Users have flooded social media and support channels with identical frustrations about the new look. The most common issues cited include:
- Severe battery drain during normal daily tasks
- Noticeable lag when switching between heavy apps
- Reduced text readability across the operating system
- Visual clutter from overlapping translucent layers
A smartphone functions as a wallet, a workplace, and a primary camera. When the basic menus feel slow or difficult to read, your trust in the entire device starts to degrade.
Why Cupertino Refuses to Revert the Interface
A sudden executive departure usually signals a change in strategy. When Alan Dye left Apple for Meta in late 2025, some industry watchers assumed his signature interface would exit with him. But Stephen Lemay has since taken over the design group, and the broader software roadmap remains firmly intact.

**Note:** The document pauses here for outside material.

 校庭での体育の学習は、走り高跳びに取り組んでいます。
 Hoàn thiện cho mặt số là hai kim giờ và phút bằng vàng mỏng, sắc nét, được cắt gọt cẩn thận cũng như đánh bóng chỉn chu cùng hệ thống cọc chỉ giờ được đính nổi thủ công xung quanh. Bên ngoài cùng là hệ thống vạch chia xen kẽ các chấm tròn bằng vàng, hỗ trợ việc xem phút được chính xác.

Apple rarely backtracks on visual shifts. You only have to look back to 2013, when the company abandoned skeuomorphic textures for the flat design of iOS 7. Users hated the bright colors and thin fonts at first, but it quickly became the industry standard. Liquid Glass is a similar long-term bet, heavily influenced by the push toward spatial computing.
By using layered depth and translucent materials, iPhone software visually connects to the Vision Pro headset. Following the departure of Jony Ive in 2019, Apple coasted on his flat design principles for years before attempting this shift toward glassmorphism. Developers are already adjusting their apps using the official documentation for adopting the interface. Reverting to a flat aesthetic now would break the unified design language Apple wants across mobile and augmented reality platforms.

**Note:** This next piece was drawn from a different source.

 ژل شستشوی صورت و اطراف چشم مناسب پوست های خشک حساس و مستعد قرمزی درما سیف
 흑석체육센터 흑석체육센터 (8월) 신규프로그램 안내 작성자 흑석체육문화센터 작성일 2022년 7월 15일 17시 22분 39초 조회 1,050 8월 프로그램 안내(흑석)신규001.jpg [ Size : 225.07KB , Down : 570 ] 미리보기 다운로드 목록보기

| Release Year | Software Version | Major Design Shift |
|---|---|---|
| 2013 | iOS 7 | Flat design replaces skeuomorphic style |
| 2024 | Vision Pro OS | Spatial and layered interface introduced |
| 2025 | iOS 26 | Introduction of system-wide Liquid Glass |
| 2026 | iOS 27 | Expected refinements and performance fixes |
What Snow Leopard Means for Your Next Update
Engineers inside Apple are reportedly calling iOS 27 by the internal codename Snow Leopard. This is a very intentional nod to the famous 2009 Mac update that focused almost entirely on performance tweaks and stability rather than flashy new features.
Industry reports indicate that the company will bring subtle tweaks to the interface rather than a complete rollback. The priority is optimizing the underlying code so the software runs smoothly on older processors. If Apple can eliminate the stuttering animations and improve thermal performance, much of the online anger will likely disappear.
This dedication to optimization comes at a critical time. Users routinely delay updates when they hear reports of reduced battery life or buggy apps. Delaying major security patches leaves millions of devices vulnerable to threats that newer software already addresses.
When the preview officially drops at the Worldwide Developers Conference this June, users should expect a few specific technical goals rather than a fresh coat of paint. Apple is expected to target:
- Optimized GPU compositing for base model processors
- Lower background power consumption for system menus
- Better contrast options for accessibility needs
- Smoother frame rates across all supported devices
The upcoming autumn release will test whether the #Apple ecosystem can balance its artistic ambitions with practical daily use. If the #iOS27 update fails to fix the underlying code, the company risks permanently alienating users who just want their devices to work fast and reliably.